- _Work order_: Using the listing below, copy exactly each line from the one that has "Price :$165.47 Product" through the one that has "Full/Queen Comforter Set"; omit the pictures.

- _Records for this exercise_:
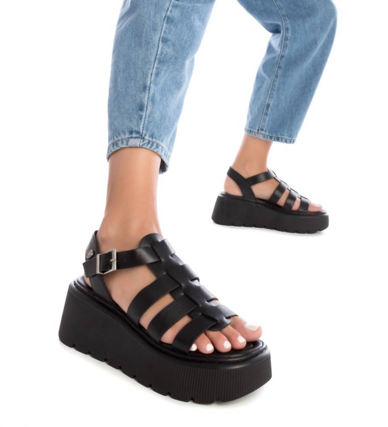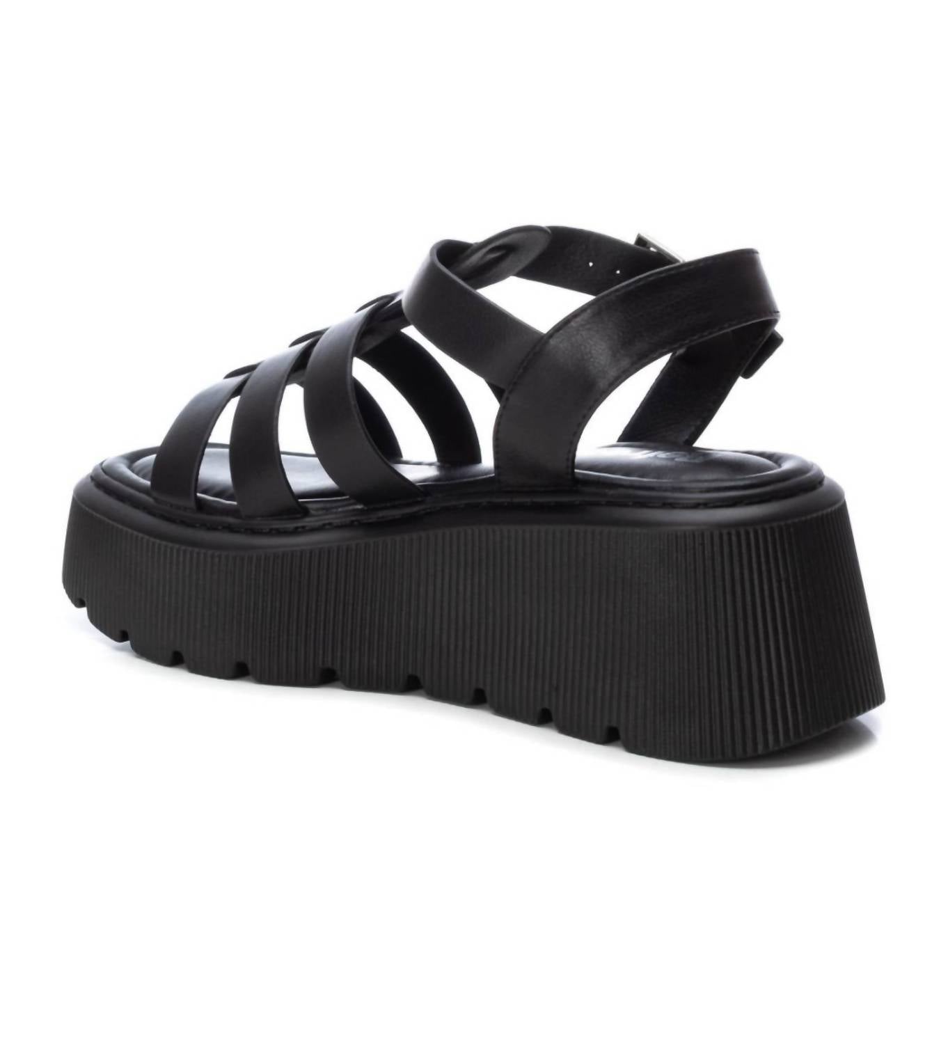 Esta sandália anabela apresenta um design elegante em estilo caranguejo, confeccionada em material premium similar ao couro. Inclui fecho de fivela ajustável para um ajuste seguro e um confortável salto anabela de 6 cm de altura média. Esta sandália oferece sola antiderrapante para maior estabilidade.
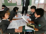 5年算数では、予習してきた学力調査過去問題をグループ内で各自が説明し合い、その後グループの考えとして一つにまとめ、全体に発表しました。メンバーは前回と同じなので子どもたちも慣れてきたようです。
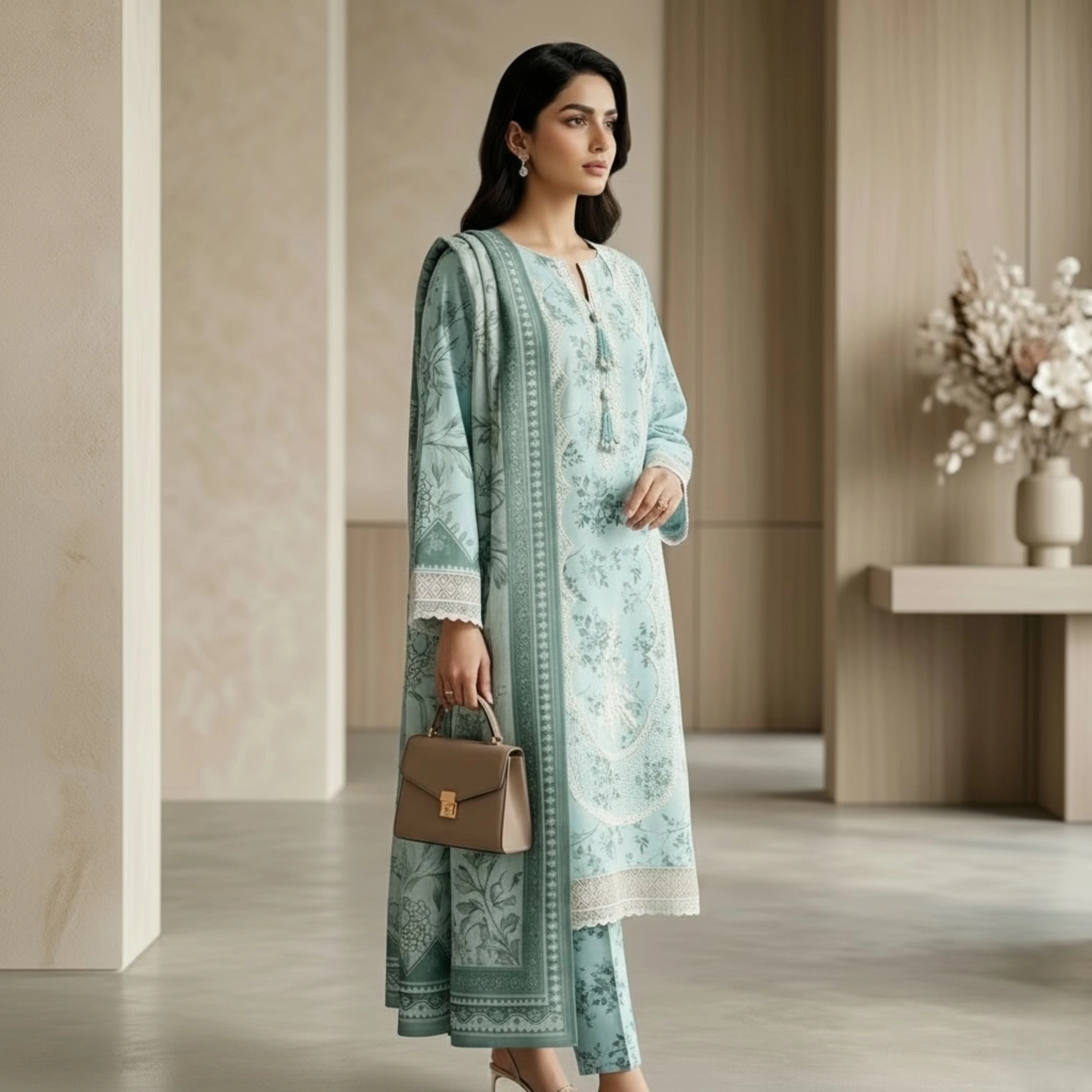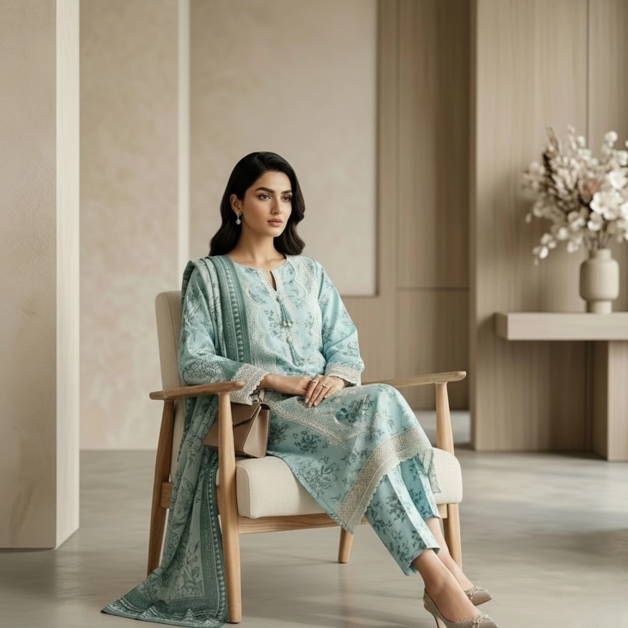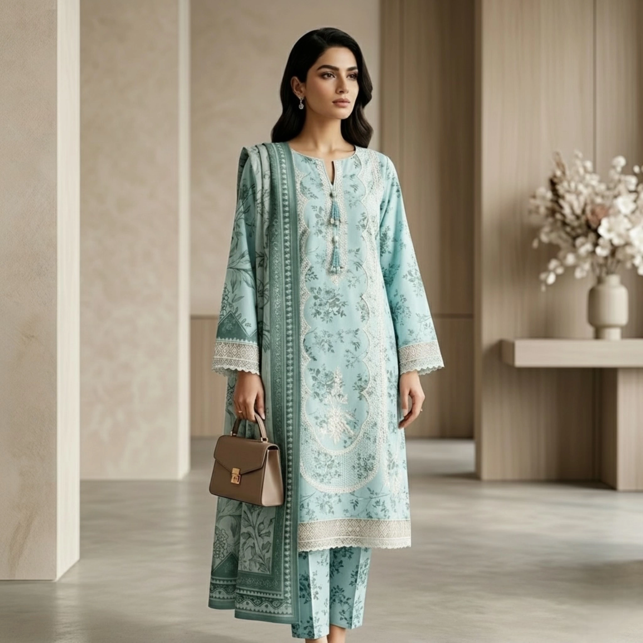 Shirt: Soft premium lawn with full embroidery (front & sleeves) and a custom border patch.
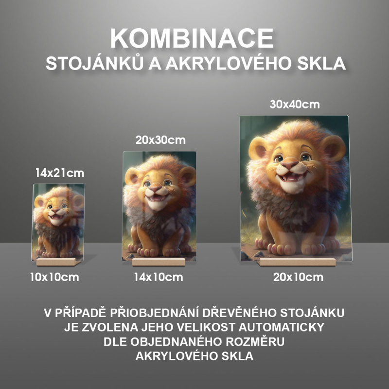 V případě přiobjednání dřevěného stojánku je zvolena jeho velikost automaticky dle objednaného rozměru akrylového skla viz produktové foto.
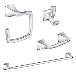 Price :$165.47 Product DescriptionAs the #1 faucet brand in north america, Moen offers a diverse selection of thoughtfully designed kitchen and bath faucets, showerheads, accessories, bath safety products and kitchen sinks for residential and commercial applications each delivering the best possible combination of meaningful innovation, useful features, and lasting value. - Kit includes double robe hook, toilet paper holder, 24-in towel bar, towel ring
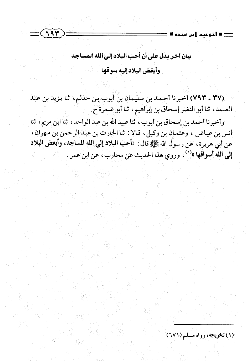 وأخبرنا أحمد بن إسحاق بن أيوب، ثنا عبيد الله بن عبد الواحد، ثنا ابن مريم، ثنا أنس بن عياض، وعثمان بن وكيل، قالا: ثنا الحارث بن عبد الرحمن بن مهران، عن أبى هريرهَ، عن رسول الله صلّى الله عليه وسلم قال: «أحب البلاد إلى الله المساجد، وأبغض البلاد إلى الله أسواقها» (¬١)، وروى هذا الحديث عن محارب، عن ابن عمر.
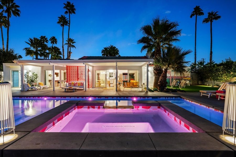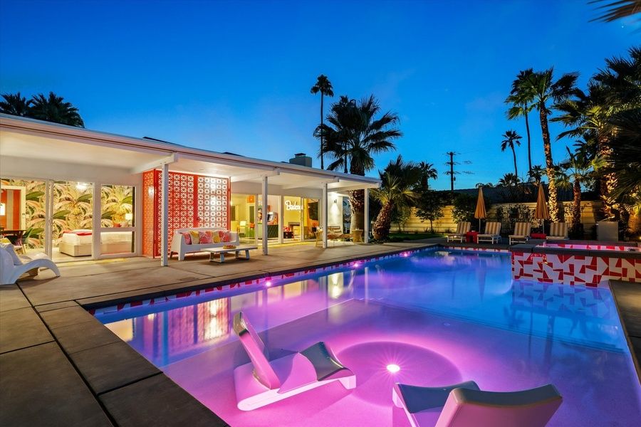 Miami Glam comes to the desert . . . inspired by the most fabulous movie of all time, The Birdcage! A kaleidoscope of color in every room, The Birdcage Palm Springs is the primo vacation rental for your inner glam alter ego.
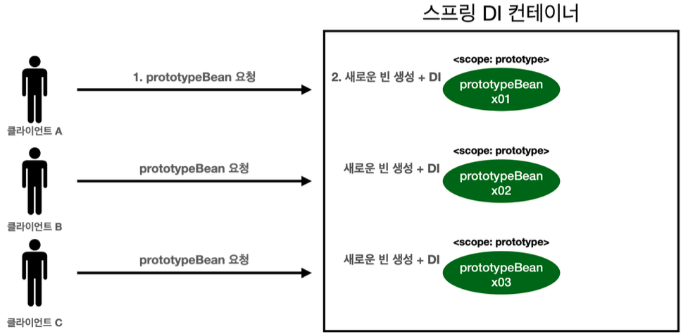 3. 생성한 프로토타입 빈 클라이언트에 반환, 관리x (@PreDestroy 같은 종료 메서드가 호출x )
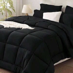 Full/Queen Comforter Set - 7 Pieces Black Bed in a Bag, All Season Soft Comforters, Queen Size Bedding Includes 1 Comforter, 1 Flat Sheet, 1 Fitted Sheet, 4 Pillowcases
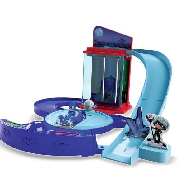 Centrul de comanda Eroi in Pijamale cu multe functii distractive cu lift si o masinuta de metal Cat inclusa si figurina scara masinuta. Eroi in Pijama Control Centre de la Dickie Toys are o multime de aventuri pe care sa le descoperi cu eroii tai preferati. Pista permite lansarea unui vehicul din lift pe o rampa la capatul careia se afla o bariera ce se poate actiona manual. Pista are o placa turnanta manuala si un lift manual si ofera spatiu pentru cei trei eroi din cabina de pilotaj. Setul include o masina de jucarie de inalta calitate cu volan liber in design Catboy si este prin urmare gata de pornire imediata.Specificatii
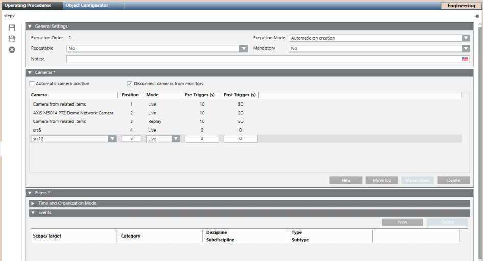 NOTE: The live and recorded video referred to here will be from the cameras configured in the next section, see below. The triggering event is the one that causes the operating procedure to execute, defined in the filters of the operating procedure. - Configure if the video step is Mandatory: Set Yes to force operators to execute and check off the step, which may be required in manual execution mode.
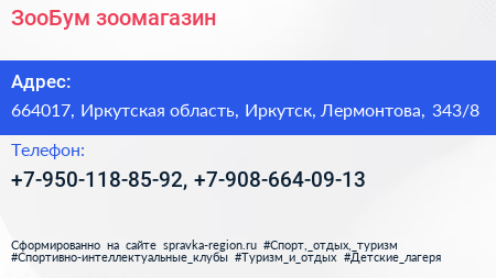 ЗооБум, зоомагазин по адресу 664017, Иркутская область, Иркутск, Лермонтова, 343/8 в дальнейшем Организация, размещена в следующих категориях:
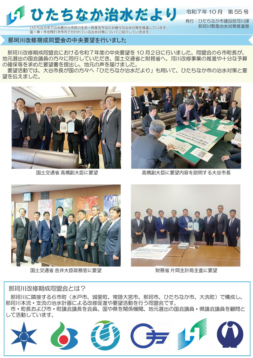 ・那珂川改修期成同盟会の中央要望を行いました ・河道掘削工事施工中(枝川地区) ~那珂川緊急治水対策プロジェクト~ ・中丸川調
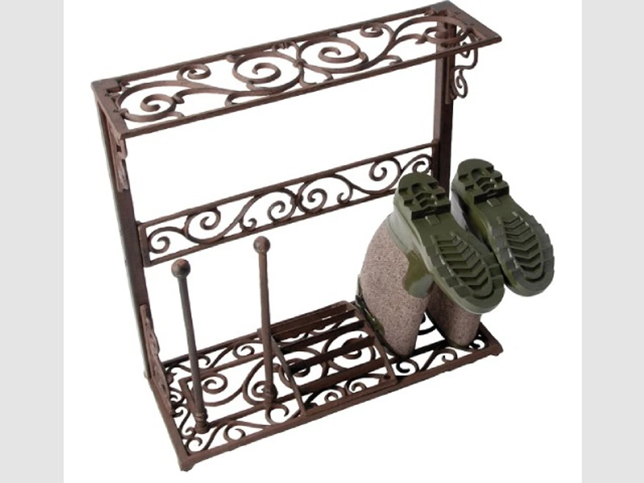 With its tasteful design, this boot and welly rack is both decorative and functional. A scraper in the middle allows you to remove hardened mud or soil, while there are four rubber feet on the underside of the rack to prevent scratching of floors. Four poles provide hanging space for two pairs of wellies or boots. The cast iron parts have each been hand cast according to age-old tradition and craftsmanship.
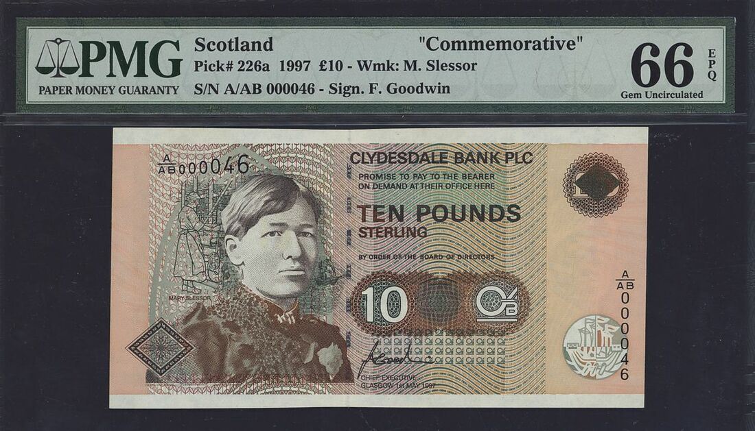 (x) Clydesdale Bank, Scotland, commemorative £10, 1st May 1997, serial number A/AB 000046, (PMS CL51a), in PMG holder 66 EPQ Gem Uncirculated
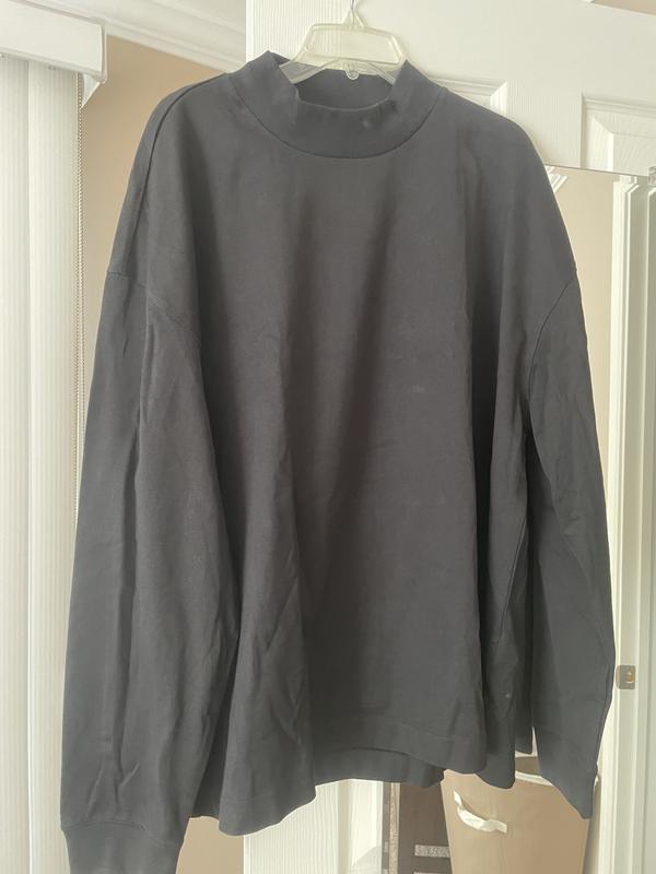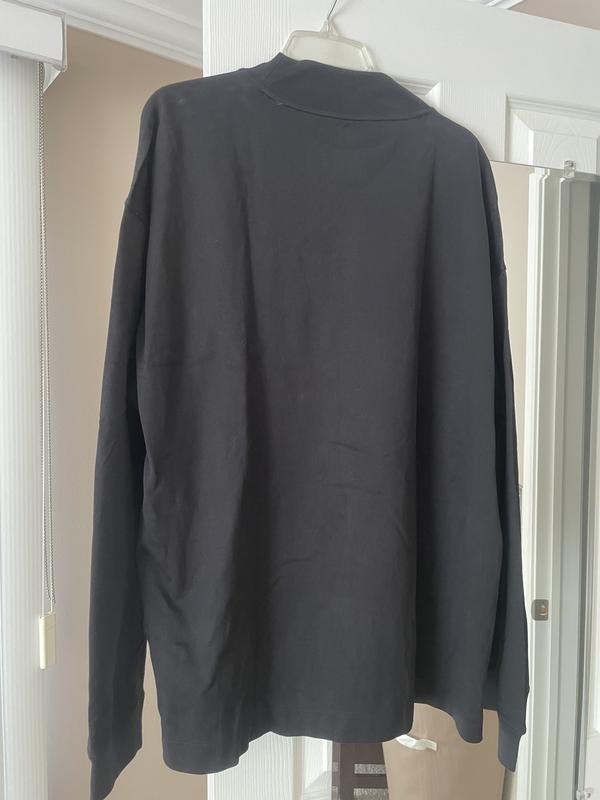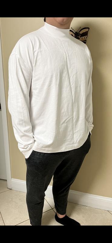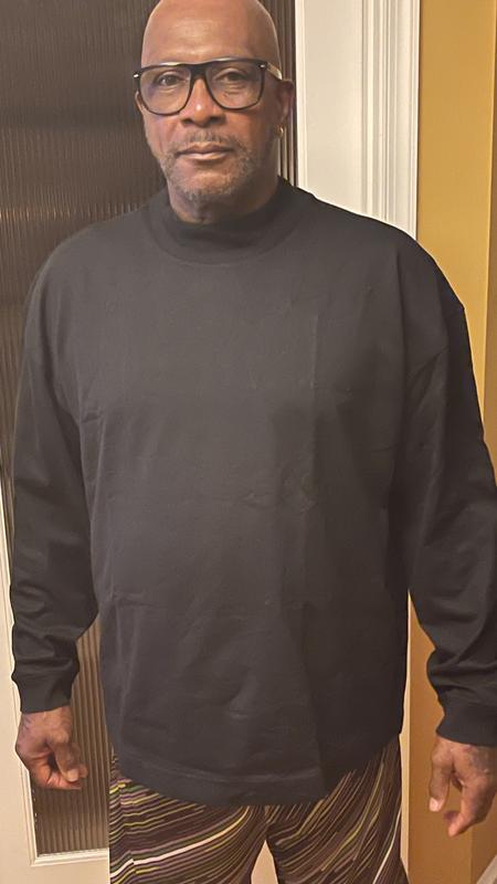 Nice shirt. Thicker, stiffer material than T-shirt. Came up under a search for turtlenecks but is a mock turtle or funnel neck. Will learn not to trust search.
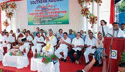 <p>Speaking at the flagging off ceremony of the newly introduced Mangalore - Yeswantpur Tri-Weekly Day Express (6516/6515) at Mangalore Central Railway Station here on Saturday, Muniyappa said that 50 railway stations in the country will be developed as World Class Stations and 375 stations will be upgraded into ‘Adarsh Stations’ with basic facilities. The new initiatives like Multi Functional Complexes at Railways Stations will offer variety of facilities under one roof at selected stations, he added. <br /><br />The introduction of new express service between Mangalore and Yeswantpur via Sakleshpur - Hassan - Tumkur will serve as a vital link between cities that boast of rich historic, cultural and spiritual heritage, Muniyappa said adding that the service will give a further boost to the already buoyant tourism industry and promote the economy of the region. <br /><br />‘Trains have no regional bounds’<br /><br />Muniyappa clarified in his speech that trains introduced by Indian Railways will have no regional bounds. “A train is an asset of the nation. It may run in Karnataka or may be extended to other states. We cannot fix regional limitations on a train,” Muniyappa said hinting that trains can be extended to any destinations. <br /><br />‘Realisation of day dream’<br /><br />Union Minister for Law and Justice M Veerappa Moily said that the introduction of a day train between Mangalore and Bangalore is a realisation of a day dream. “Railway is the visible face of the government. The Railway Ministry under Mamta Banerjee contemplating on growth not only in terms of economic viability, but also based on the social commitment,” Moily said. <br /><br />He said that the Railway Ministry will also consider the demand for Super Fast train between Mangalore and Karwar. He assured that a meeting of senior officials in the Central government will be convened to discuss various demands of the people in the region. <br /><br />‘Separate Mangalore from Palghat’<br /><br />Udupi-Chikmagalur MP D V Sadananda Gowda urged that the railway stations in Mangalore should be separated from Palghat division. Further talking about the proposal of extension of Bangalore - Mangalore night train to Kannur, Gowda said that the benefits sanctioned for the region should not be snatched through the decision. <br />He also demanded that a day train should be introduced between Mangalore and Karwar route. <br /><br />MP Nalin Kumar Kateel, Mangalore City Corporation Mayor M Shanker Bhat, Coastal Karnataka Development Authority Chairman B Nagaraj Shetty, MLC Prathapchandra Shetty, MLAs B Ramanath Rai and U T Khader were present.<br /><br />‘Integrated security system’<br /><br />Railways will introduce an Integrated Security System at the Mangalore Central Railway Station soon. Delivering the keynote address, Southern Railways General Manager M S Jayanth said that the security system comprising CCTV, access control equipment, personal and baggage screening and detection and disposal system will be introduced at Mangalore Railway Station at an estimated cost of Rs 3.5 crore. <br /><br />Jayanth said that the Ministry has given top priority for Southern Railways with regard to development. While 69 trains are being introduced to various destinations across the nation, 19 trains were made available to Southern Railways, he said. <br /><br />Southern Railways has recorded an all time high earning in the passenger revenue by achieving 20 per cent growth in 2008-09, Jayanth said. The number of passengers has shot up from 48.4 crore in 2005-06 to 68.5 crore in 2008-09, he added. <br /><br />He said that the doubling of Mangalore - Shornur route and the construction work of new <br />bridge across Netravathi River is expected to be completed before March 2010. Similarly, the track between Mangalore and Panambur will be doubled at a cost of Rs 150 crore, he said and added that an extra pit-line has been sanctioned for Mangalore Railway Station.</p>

- _Answer to this problem_:
 Price :$165.47 Product DescriptionAs the #1 faucet brand in north america, Moen offers a diverse selection of thoughtfully designed kitchen and bath faucets, showerheads, accessories, bath safety products and kitchen sinks for residential and commercial applications each delivering the best possible combination of meaningful innovation, useful features, and lasting value. - Kit includes double robe hook, toilet paper holder, 24-in towel bar, towel ring
 وأخبرنا أحمد بن إسحاق بن أيوب، ثنا عبيد الله بن عبد الواحد، ثنا ابن مريم، ثنا أنس بن عياض، وعثمان بن وكيل، قالا: ثنا الحارث بن عبد الرحمن بن مهران، عن أبى هريرهَ، عن رسول الله صلّى الله عليه وسلم قال: «أحب البلاد إلى الله المساجد، وأبغض البلاد إلى الله أسواقها» (¬١)، وروى هذا الحديث عن محارب، عن ابن عمر.
 Miami Glam comes to the desert . . . inspired by the most fabulous movie of all time, The Birdcage! A kaleidoscope of color in every room, The Birdcage Palm Springs is the primo vacation rental for your inner glam alter ego.
 3. 생성한 프로토타입 빈 클라이언트에 반환, 관리x (@PreDestroy 같은 종료 메서드가 호출x )
 Full/Queen Comforter Set - 7 Pieces Black Bed in a Bag, All Season Soft Comforters, Queen Size Bedding Includes 1 Comforter, 1 Flat Sheet, 1 Fitted Sheet, 4 Pillowcases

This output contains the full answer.